Greenwood College School is a not-for-profit, independent, grade 7 to 12 school with about 450 students and about 60 teachers. We focus not only on academic achievement, but also on each student’s character development through connecting to their varied interests, both inside and outside the classroom. At Greenwood, we emphasize community service, extracurricular activities, outdoor education, the arts, and athletics. We want our students to venture out in the real world, experiencing life as much as possible.

Schools looking to personalize learning generally aim to increase interactions between the student and teacher. To achieve this goal, the most straightforward approach would be to have fewer students per teacher; the idea is that the teacher will have more time to devote to each individual student’s growth.

Did you know that it’s Digital Citizenship Week?

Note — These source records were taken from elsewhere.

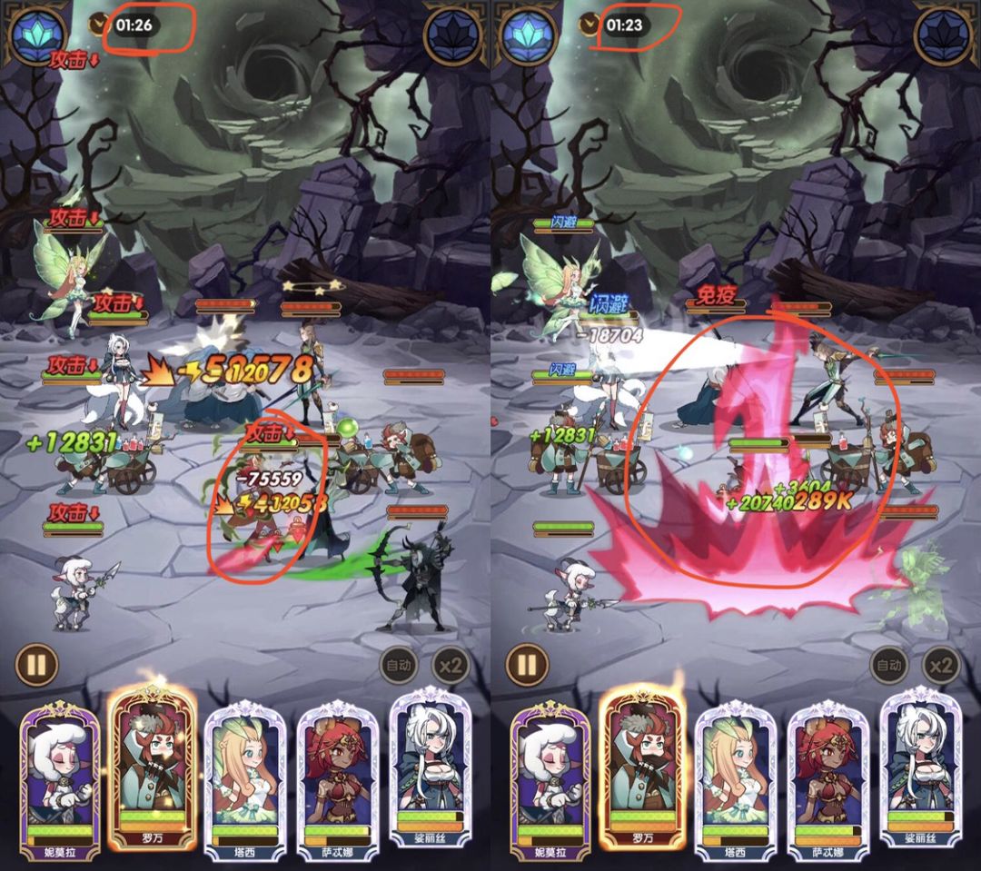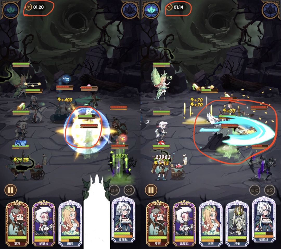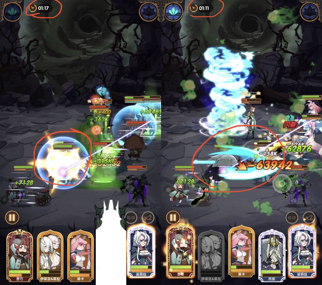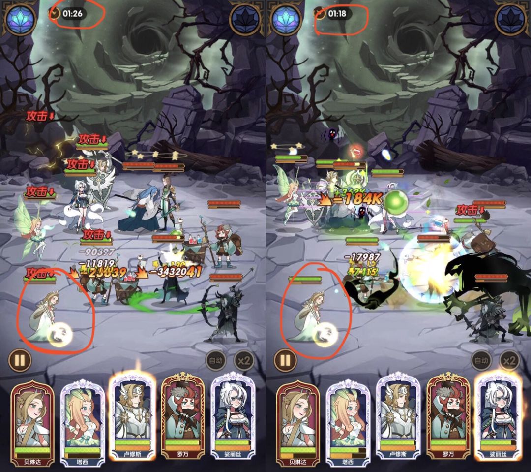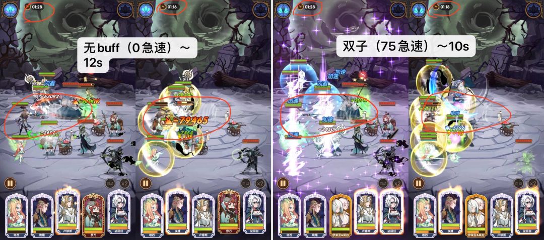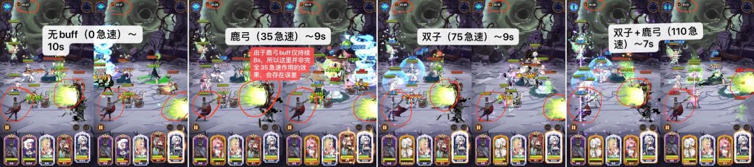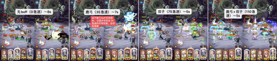 可以看到图1是无任何减速影响下,敌方女妖吸血的CD为10s在图2猴子与沙雕的减速影响下,敌方女妖的吸血CD被延长为12s可以得出减速就是减急速的效果,而非仅减攻速 同理加速即为加急速(由于游戏内描述为加速的buff比较少而且幅度太低,截图表现效果较差,所以这里就仅用减速的图片举例了)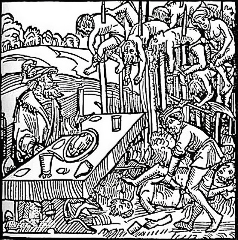 瓦拉几亚大公弗拉德三世(德古拉原型)以“穿刺公”之名留名历史。他特别嗜好用木桩穿刺活人,曾一次穿刺两万土耳其战俘。宴饮时,他喜欢在垂死挣扎的受刑者中间用餐,认为惨叫是最好的佐餐音乐。
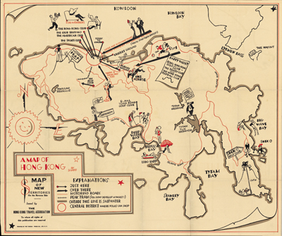 This whimsical and decorative map was created by Friedrich Schiff, a popular Austrian artist and cartoonist who was working in Hong Kong and Shanghai in the 1930s. It was published in c1938 as "A Sporting Paradise" Map of the Colony of Hong Kong.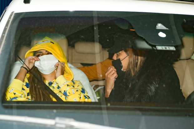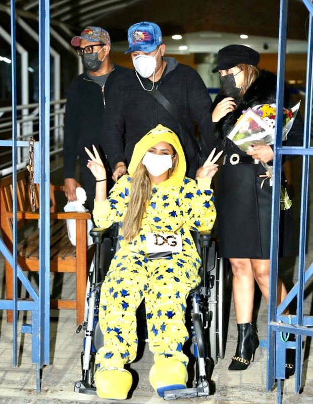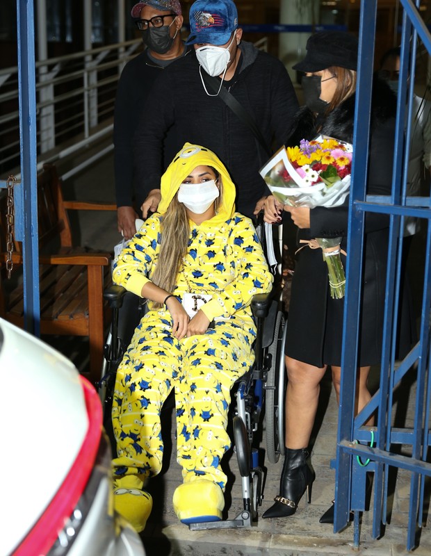 De cadeira de rodas e máscara de proteção por conta da pandemia da Covid-19, Lexa estava animada e acenou para as câmeras ao deixar o local. Ela ainda estava com um agasalho amarelo estampado com imagens dos personagens minions e uma bolsa da grife Dolce & Gabbana.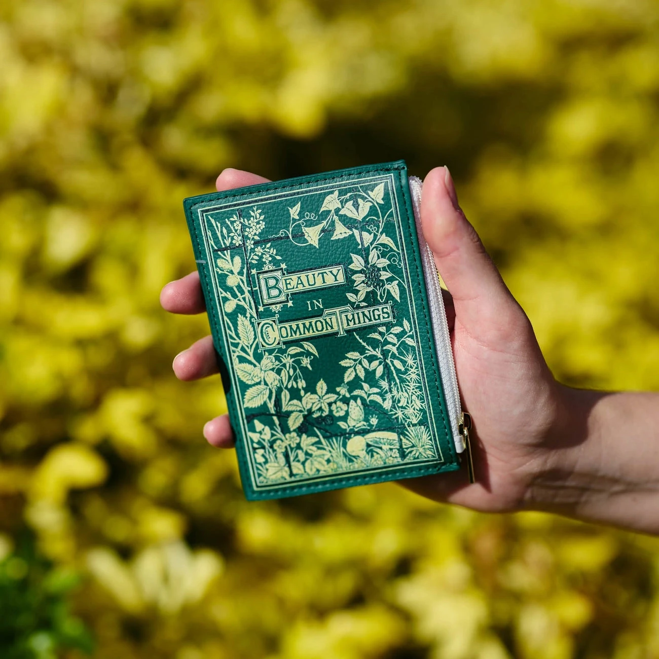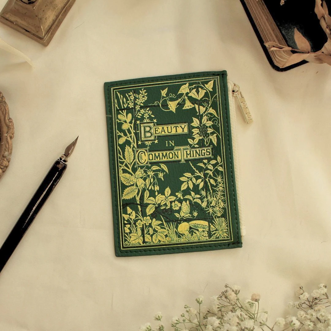 Celebrate the beauty of the natural world with this striking vegan leather coin purse, inspired by Miss A. C. Chambers’ book ‘Beauty in Common Things’, published in 1874. This book is notable for its deep appreciation of everyday plants and flowers found across the United Kingdom, blending botany, poetry, and art in its pages. The coin purse features a beautiful botanical illustration set against a rich green backdrop, perfectly capturing the book’s essence. Whether you’re dressing up for a formal occasion or simply going about your everyday routine, this purse is sure to add a unique touch to your outfit, just as the book adds a unique touch to literature.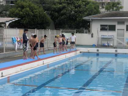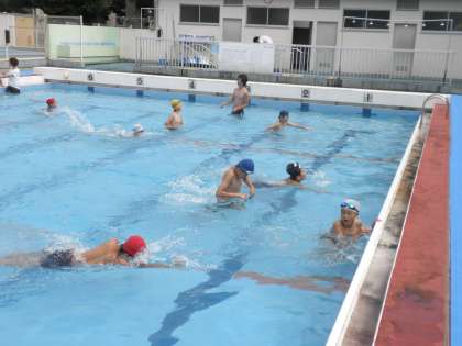 7月1日、この日も八王子市では、午前中9時に30.9度を記録しました。しかし、あさひ学級の児童は、暑さに負けずに、プールで元気よく水泳の授業を受けていました。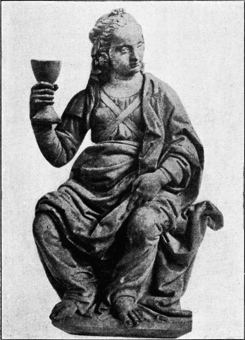 Die Madonna mit dem hl. Leonardus und dem hl. Julian (?) im Museum zu Neapel (Abb. 77) steht auf der gleichen Stilstufe und teilt, bei geringerer Erhaltung, alle Eigenschaften des Pistojeser Bildes. Credi hat späterhin noch mehrfach von diesem in der Verrocchio-Werkstatt üblichen Kompositionsschema Gebrauch gemacht. Auch in seinen Gestalten spürt man bis an sein spätes Lebensende die unauslöschliche Erinnerung an seinen Meister. Credis Kinderfiguren hängen alle von Verrocchios Vorbild ab. In einem sorgfältig durchgeführten Bilde der büßenden Magdalena im Berliner Museum überträgt[S. 97] er eine gelegentliche, durch besonders feine Bemalung ausgezeichnete Statuette Verrocchios, ebenfalls im Berliner Museum (Abb. 78) ohne wesentliche Änderung auf die Holztafel.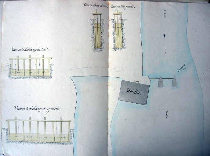 Règlement d'eau du moulin du Cosquéro. Plan, 5 mai 1858 (AD 56, S 1119)Immatriculation
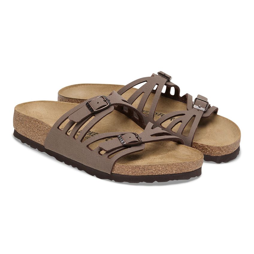 BIRKENSTOCKのGranadaはそのナチュラルなアピアランスが魅力の一足です。その特徴はカットデザインのダブルストラップ。女性らしさとコンフォートをたっぷりとお楽しみ下さい。このアッパーには、肌に優しく耐久性の高いヌバックレザー風仕上げの合成素材Birko-Flor®を使用しています。質感もカラーも本物のレザー顔負けの素材です。
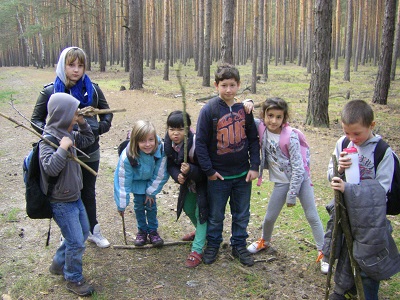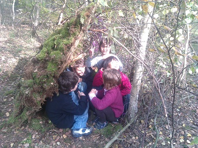 Am Nachmittag waren wir Wald "Hüttenbauen"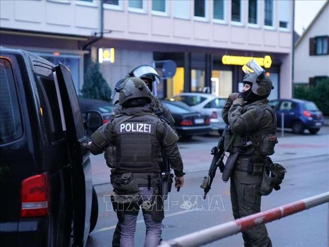 Cảnh sát Đức phong tỏa hiện trường vụ xả súng và ẩu đả trên đường phố Essling ở thị trấn Plochingen (bang Baden-Württemberg) tối 13/2/2020. Ảnh minh hoạ: DPA/TTXVN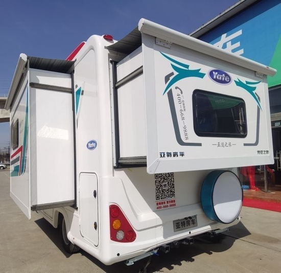 整车尺寸为5990*2545*3180(mm),左拓展和后拓展结构配有专属遮雨棚,左、后拓展打开后,雨棚会随着拓展一起滑出,车内空间可达10平米,整车荷载4~6人,符合国六(b)的排放标准,蓝牌C本即可。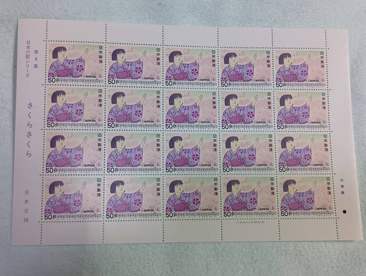 日本の歌シリーズ 第4集 さくらさくら 1980 切手シート1枚当時の袋付き U-1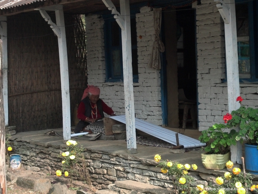히말 파니의 아름다운 마을 풍경만큼이나 산장에서는 저희의 눈길을 사로잡는 것이 많았습니다. 그중에 하나 전통 방식으로 천을 짜고 계신 할머니의 모습이 보기 좋았습니다. 옆지기는 할머님에게도 초코바를 선물했다고 하더군요.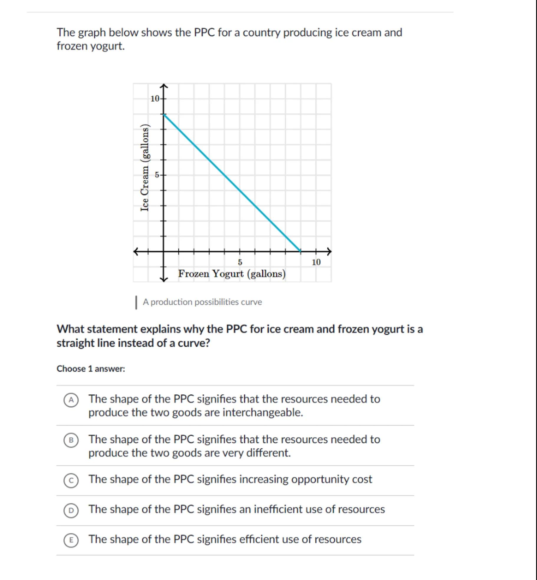 What statement explains why the PPC for ice cream and frozen yogurt is a straight line instead of a curve?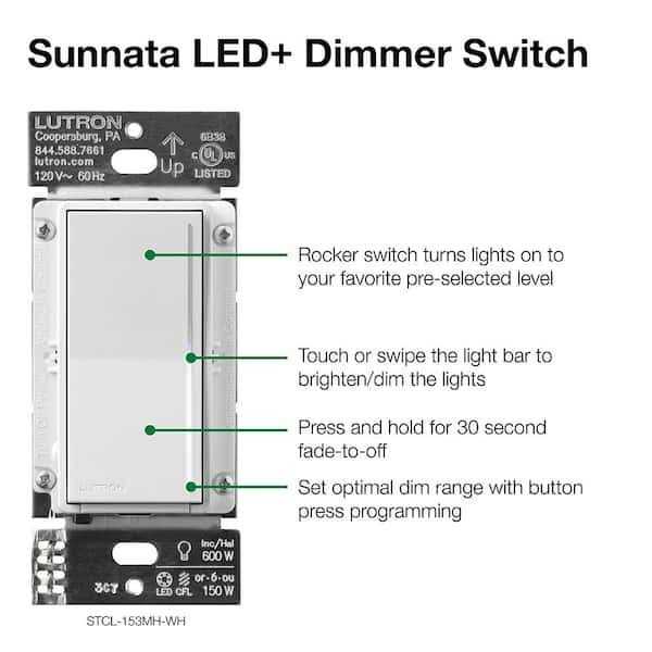 Latest design and technology provides solutions for an entire project. Updated LED+ dimmer to work with new Accessory switch for 3 and 4-way applications. PRO LED+ Dimmer provides multi-location dimming and the Sunnata switch works with non-dimming loads. Touch or swipe the light bar to set your lights. LED+ Advanced Technology provides superior dimming for dimmable LED, incandescent, and halogen bulbs. Sunnata touch dimmer works with your existing wiring—and it doesn’t require a neutral. All you need is about 15 minutes from start to finish.
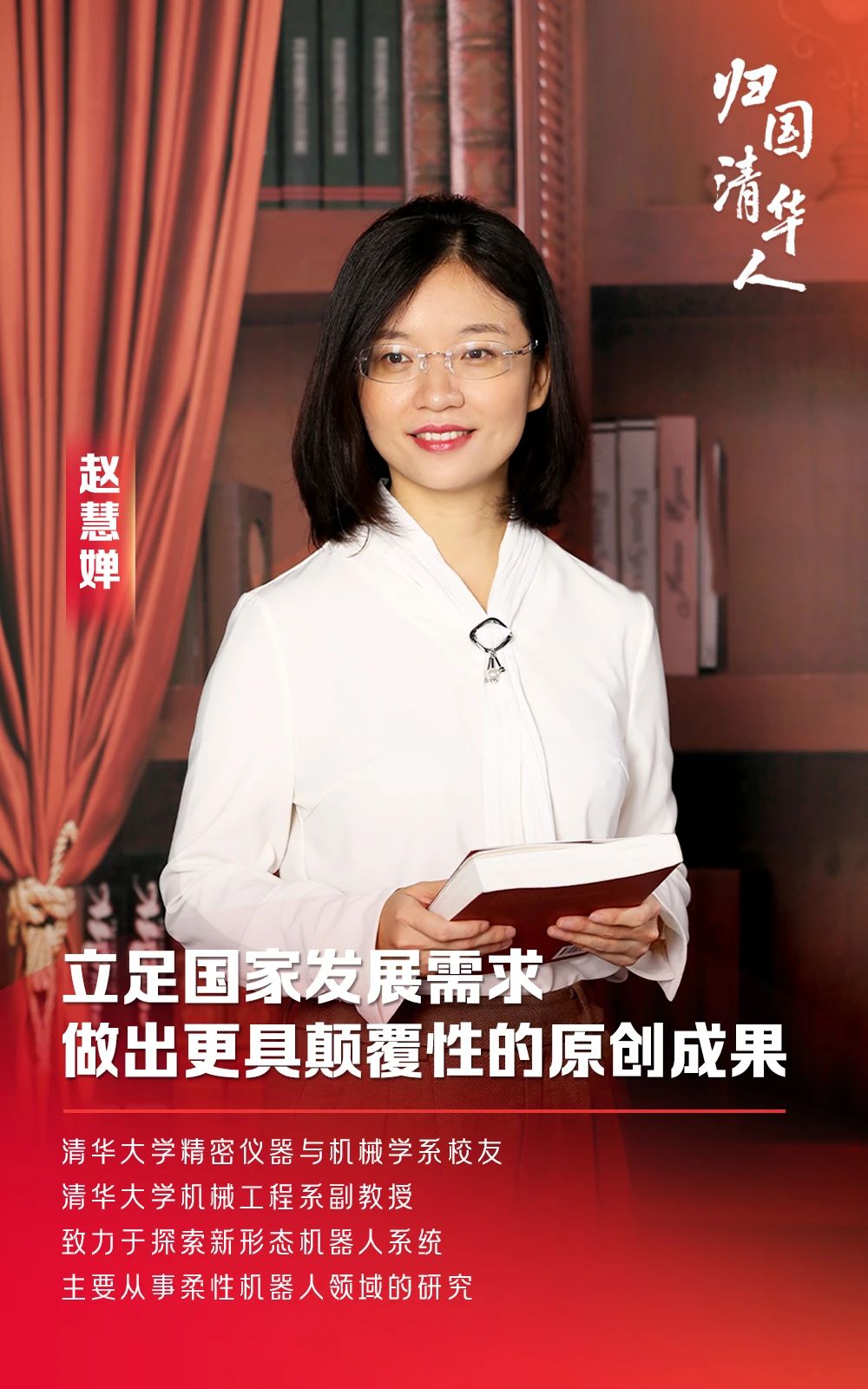 2018年,趙慧嬋回到清華機械系任教致力于探索新形態機器人系統,主要從事柔性機器人領域的研究。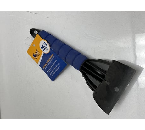 Хороший крепкий пластик у скребка, справляется со своими задачами на все 100%. Использую уже давно его, ему все не по чем. Прорезиненная ручка очень удобная, и не холодная как раз если работать с ним в холода.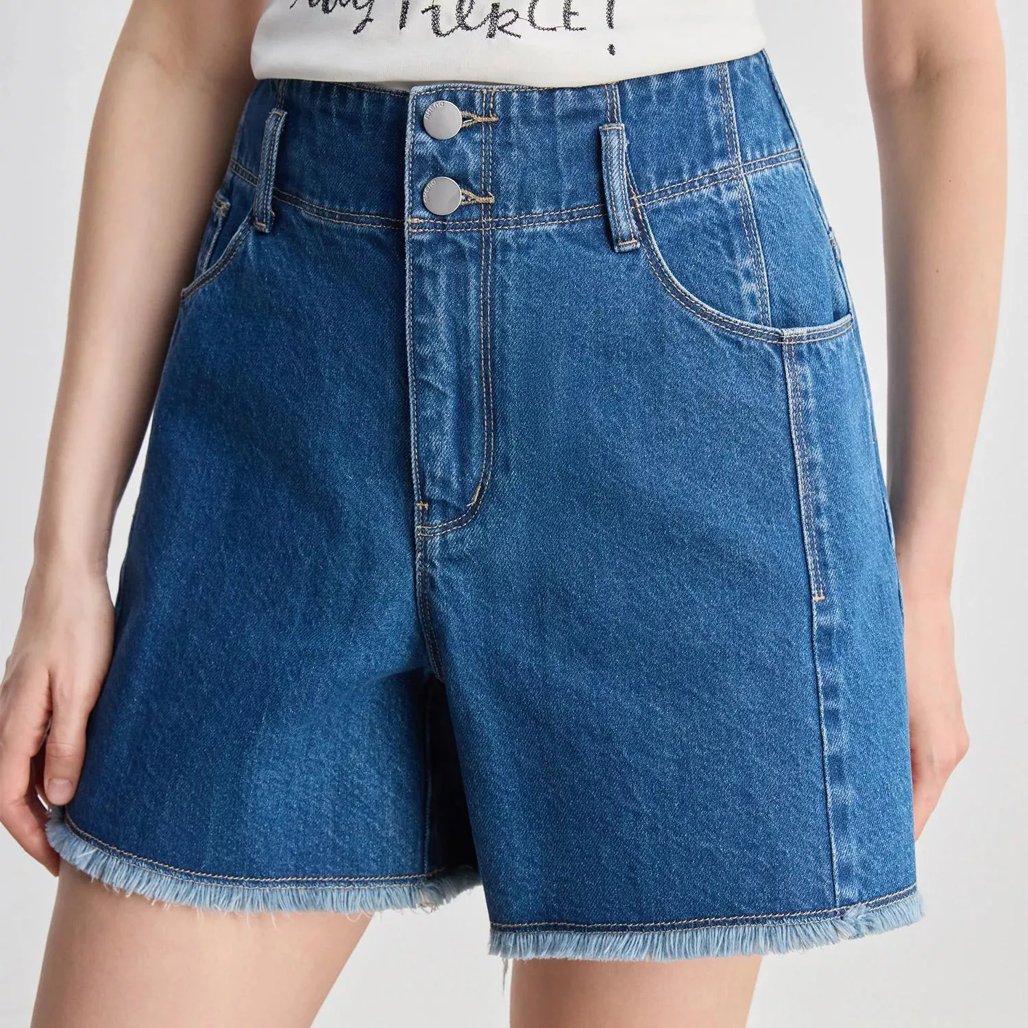 Step into effortless summer fashion with these curve-flattering artistic denim shorts, designed to combine structure with a touch of whimsy. Crafted from 100% cotton, these high-waisted shorts feature an asymmetrical panel design and raw edge hem for a bold, creative flair. Whether you’re styling a casual day look or adding an artistic edge to your weekend outfit, these denim shorts offer the perfect blend of comfort and character.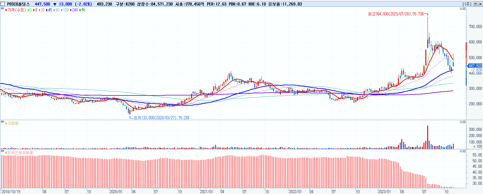 - POSCO홀딩스 (447,500원 ▲ 2.17% , 시총: 378,456억, 거래량: 7,918,501, 거래대금:38,136억, KOSPI)

Click here to learn more!

At Greenwood College School, we had an alternate idea. What if we maintain the student-teacher ratio by adding a second teacher to a larger classroom space to promote various groupings and engagement between students and teachers? Instead of shrinking the traditional classroom, we believed that combining classes together in larger, flexible spaces would allow students more opportunities to find their own learning path.

Our essential concern inside the walls of the school is to create the space our students need to direct their own learning and to work at their own pace. For instance, last year we combined 10th- and 11th-grade math in the same room, each with their own teacher. This allowed for more advanced students to excel faster and afforded more personalized support for all students. Having more students and teachers in a room created a more dynamic space, with more opportunities for student groupings.

Clear Data Earns Buy-in from Parents

When we started moving toward this new, flexible classroom structure, we knew it departed from the norm and that data would help us instill the belief that this approach would be as effective as a small class. In the past, we used an in-house student survey, but we ran into problems, since it resulted in mostly anecdotal observations and we couldn’t compare the findings with those from other educational institutions to show how we were evolving. To work with reliable data, we needed a body of research that would compare our data to external sources to see if it could validate our approach and deepen the buy-in within our community.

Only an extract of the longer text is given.